21.その後
水に濡れた床に横になったまま、ほっとひと息つく。取り敢えずの危険は去ったのだ。
そう思った途端、銃身で殴られた側頭部が、痛みを主張し出した。
あー、ズキズキする…。ちょっとは加減しろってんだ。
背中を殴られたせいで呼吸も苦しい。
「大和、大丈夫か?」
岳が自身の怪我も顧みず、俺の側に片膝をついて覗き込んでくる。溜まった水が膝を濡らした。
「岳、こそ…」
左の肩口に血が滲んでいる。どう見積もっても痛そうなのだが。
「掠った程度だ。大した事はない。それより目眩はないか? 横になっていたほうがいい」
身体を起こそうとすると、寝ているように言われた。側頭部の傷口にすぐにタオルが当てられる。潔が横から引き取って。
「背中も殴られてな。今は息もするのがやっとだろう」
その通りだった。
っとに、あいつ。今度は絶対、のしてやる。
「大和、少し動かすぞ」
岳は俺を濡れた床から抱き上げると、潔が空けたベッドへと寝かしつけてくれた。
「ベッド、濡れる…」
「そんなこと気にすんな」
岳の手がそっと額を撫で、水と血で濡れた髪をかき分ける。岳の手の温もりが心地良かった。
「…岳も、親父さんも。無事で良かった…」
心から安堵する。目を閉じてそう漏らすと、岳が笑った気配。
「俺はお前が無事で良かったと思ってるよ…」
額を撫でていた手が止まって、髪をくしゃりとかき上げた。
潔は少し離れた所から、そんな俺たちを黙って見つめていた。
その後、すぐに医師らが駆けつけ、岳と共に適切な処置を受け大事に至らずにすんだ。
岳の傷は確かに掠った程度ではあったが、それでも深かった様で、岳の言うような軽い怪我ではなかったらしい。
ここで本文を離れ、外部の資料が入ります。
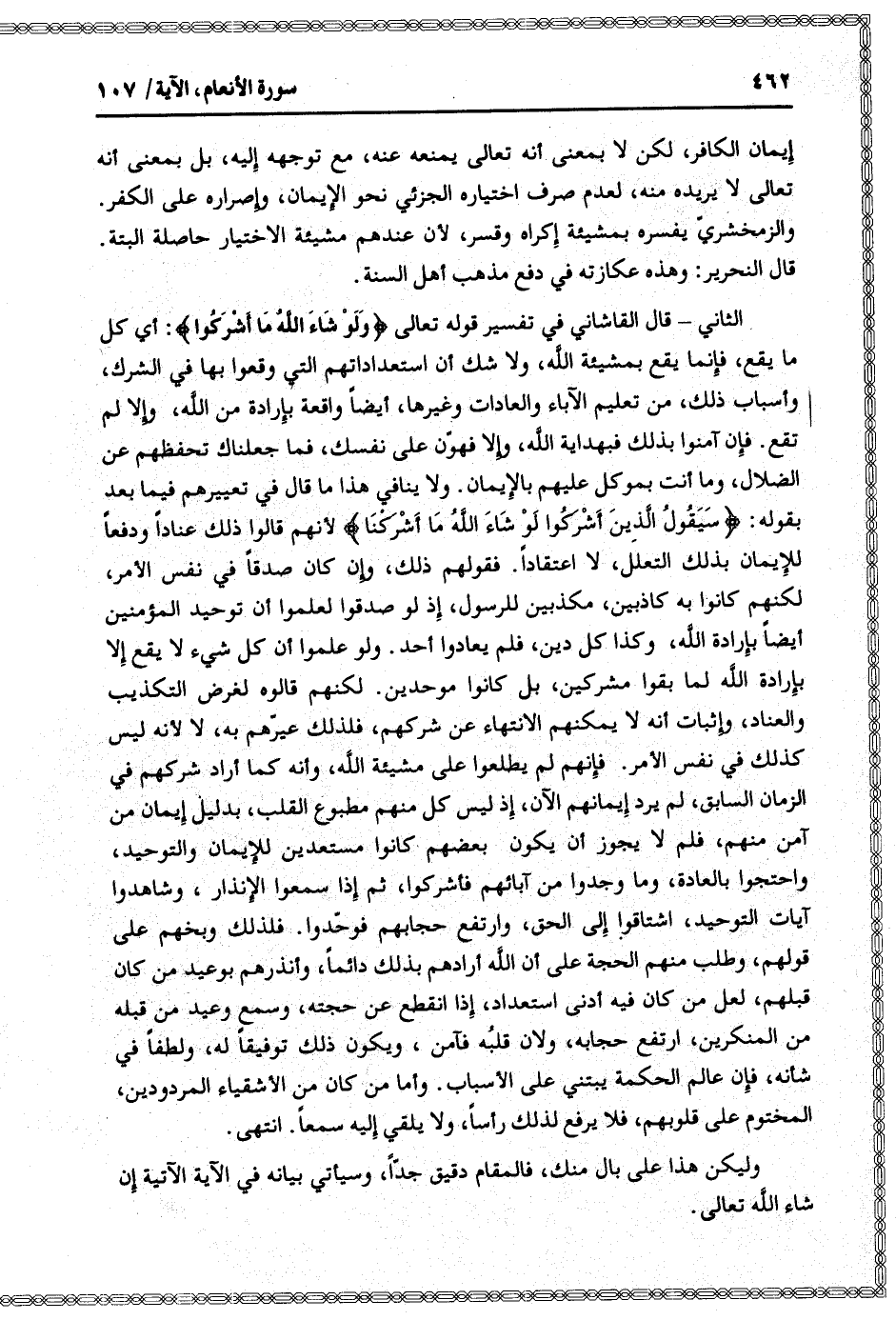 الثاني- قال القاشاني في تفسير قوله تعالى وَلَوْ شاءَ اللَّهُ ما أَشْرَكُوا: أي كل ما يقع، فإنما يقع بمشيئة الله، ولا شك أن استعداداتهم التي وقعوا بها في الشرك، وأسباب ذلك، من تعليم الآباء والعادات وغيرها، أيضا واقعة بإرادة من الله، وإلا لم تقع. فإن آمنوا بذلك فبهداية الله، وإلا فهوّن على نفسك، فما جعلناك تحفظهم عن الضلال، وما أنت بموكل عليهم بالإيمان. ولا ينافي هذا ما قال في تعييرهم فيما بعد بقوله: سَيَقُولُ الَّذِينَ أَشْرَكُوا لَوْ شاءَ اللَّهُ ما أَشْرَكْنا لأنهم قالوا ذلك عنادا ودفعا للإيمان بذلك التعلل، لا اعتقادا. فقولهم ذلك، وإن كان صدقا في نفس الأمر، لكنهم كانوا به كاذبين، مكذبين للرسول، إذ لو صدقوا لعلموا أن توحيد المؤمنين أيضا بإرادة الله، وكذا كل دين، فلم يعادوا أحد. ولو علموا أن كل شيء لا يقع إلا بإرادة الله لما بقوا مشركين، بل كانوا موحدين. لكنهم قالوه لغرض التكذيب والعناد، وإثبات أنه لا يمكنهم الانتهاء عن شركهم، فلذلك عيّرهم به، لا لأنه ليس كذلك في نفس الأمر. فإنهم لم يطلعوا على مشيئة الله، وأنه كما أراد شركهم في الزمان السابق، لم يرد إيمانهم الآن، إذ ليس كل منهم مطبوع القلب، بدليل إيمان من آمن منهم، فلم لا يجوز أن يكون بعضهم كانوا مستعدين للإيمان والتوحيد، واحتجوا بالعادة، وما وجدوا من آبائهم فأشركوا، ثم إذا سمعوا الإنذار، وشاهدوا آيات التوحيد، اشتاقوا إلى الحق، وارتفع حجابهم فوحّدوا. فلذلك وبخهم على قولهم، وطلب منهم الحجة على أن الله أرادهم بذلك دائما، وأنذرهم بوعيد من كان قبلهم، لعل من كان فيه أدنى استعداد، إذا انقطع عن حجته، وسمع وعيد من قبله من المنكرين، ارتفع حجابه، ولان قلبه فآمن، ويكون ذلك توفيقا له، ولطفا في شأنه، فإن عالم الحكمة يبتني على الأسباب. وأما من كان من الأشقياء المردودين، المختوم على قلوبهم، فلا يرفع لذلك رأسا، ولا يلقي إليه سمعا. انتهى.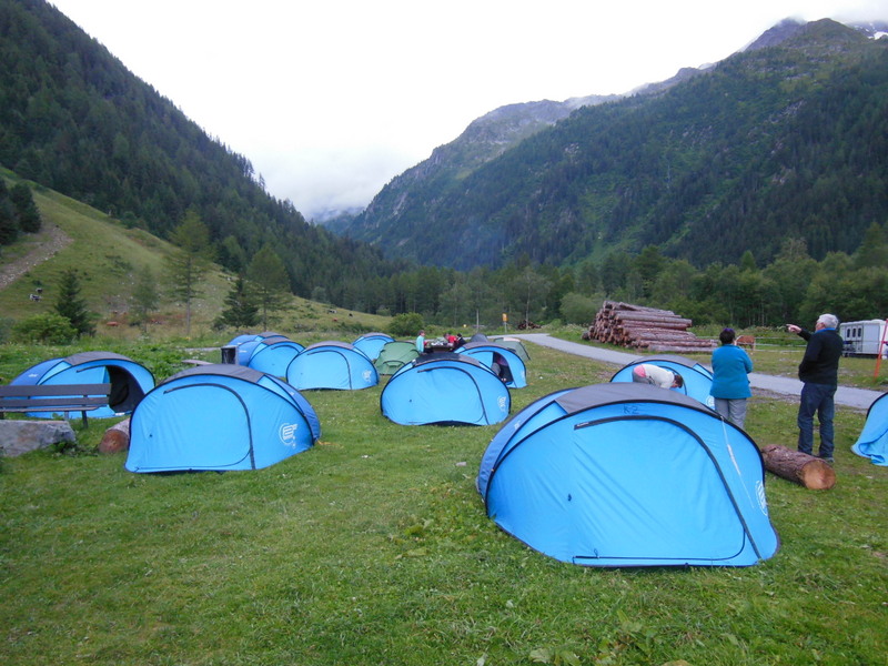 It’s around an hour from Geneva airport to Chamonix, which makes it a magnet for skiers, and once the motorway drive deposited us below the glacier at Les Bossons, we got to grips with our campsite co-operation rules and our Decathlon pop-up tents. Ably demonstrated by John and Graham the pop-up is fine, it’s just folding away that’s the pain. We’ll have to do that every morning before breakfast so we can get an early start on to the hills.
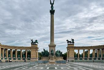 Le Monument commémoratif du Millénaire (en hongrois : Millenniumi emlékmű ou Ezredévi emlékmű) termine la perspective formée par l'avenue Andrássy qui s'achève sur la place des Héros. La construction du monument, de 1896 à 1922, s'inscrit dans une série de grands travaux célébrant les mille ans depuis l'arrivée en 896 des Magyars dans le bassin du moyen-Danube, que les historiens et géographes hongrois appellent « plaine pannonienne». Pendant la période communiste, certaines statues rappelant la monarchie furent enlevées, dont celles de François-Joseph et de Marie-Thérèse.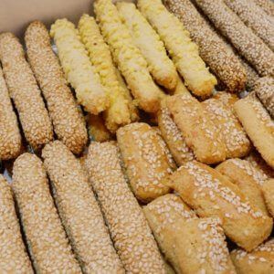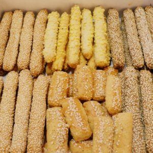 Brotsticks Box: Brotsticks mit Käse, mit Malz, Sonnenblumenkern-Vollkornbrotsticks und mit Sesam. etwa 0,75 Kilogramm.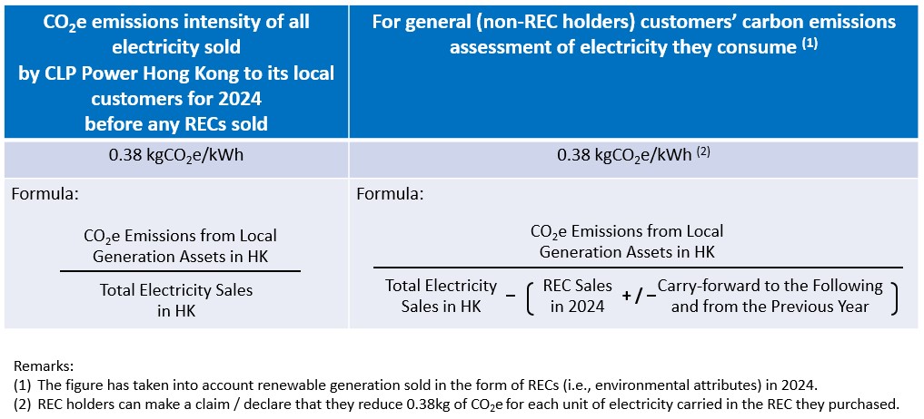 CO₂e emissions intensity of all electricity sold by CLP Power Hong Kong to its local customers for 2024 before any RECs sold is 0.38 kgCO₂/kWh.

俺は処置を終えると、そのまま真琴とともに帰途に就く。
「岳は? 帰らないのか?」
俺の問いに岳は少し疲れた様に、口の端にだけ笑みを浮かべると。
「俺は親父と話がある。先に真琴と帰っていてくれ」
「分かった…」
こちらに背を向けた岳に、俺はいつもと違う何かを感じた気がした。
+++
「災難だったな」
運転席の真琴は助手席に座った俺に、労わりの眼差しを向けてきた。俺は首をふると。
「俺はいい。けど岳の親父さんは狙われて、岳は撃たれた。あいつ、ぶん殴ってやりたかった…。真琴さんは下で何があったんだ?」
「ああ。駐車場で楠の弟の部下に囲まれてな。ひと悶着あったんだ。岳が来て難を逃れたが、襲ったにしてはすぐに引いた。これは囮だとすぐに踵を返したが、危ない所だった…」
ハンドルを握った真琴はため息をつく。
「大和には危険な目ばかりあわせてしまって。申し訳ない」
「いいって。俺はそういうの込みで家政婦やってるし。だから藤にも教わってんだ。それが役にたって良かったって思ってる。あいつ、藤より全然、隙だらけだったし」
でなければ、今頃、病室でこの世とおさらばしていた所だっただろう。藤にも感謝だ。
真琴は不意に真剣な眼差しになると。
「君は…強いんだな」
俺はその言葉に肩をすくめて見せると。
「それ、岳にも前に言われた。けど強いって言うのか? 単なる向こう見ずとも──」
真琴は首を振って笑う。
「前を向く強さだな。立ち向かう所がね」
「そっかなぁ。ただの喧嘩好きなのかもな? 俺って」
同じく笑って肩をすくめると、みしりと背中が痛んだ。
「っ!」
幸い打撲ですんだが。
あいつ思いっきり殴りつけやがって。
殴られた側頭部には包帯が巻かれ、背中は湿布だらけ。まだ頬には白いテープが張られている。
「俺、そのうちミイラみたくなるかも…」
するとくっくとハンドルを握ったまま真琴が笑い出す。
「それは可愛いミイラが出来あがりそうだな?」
「可愛いって、真琴さんまで言う? ったく。ひでぇな」
その後、夜になっても岳は帰って来なかった。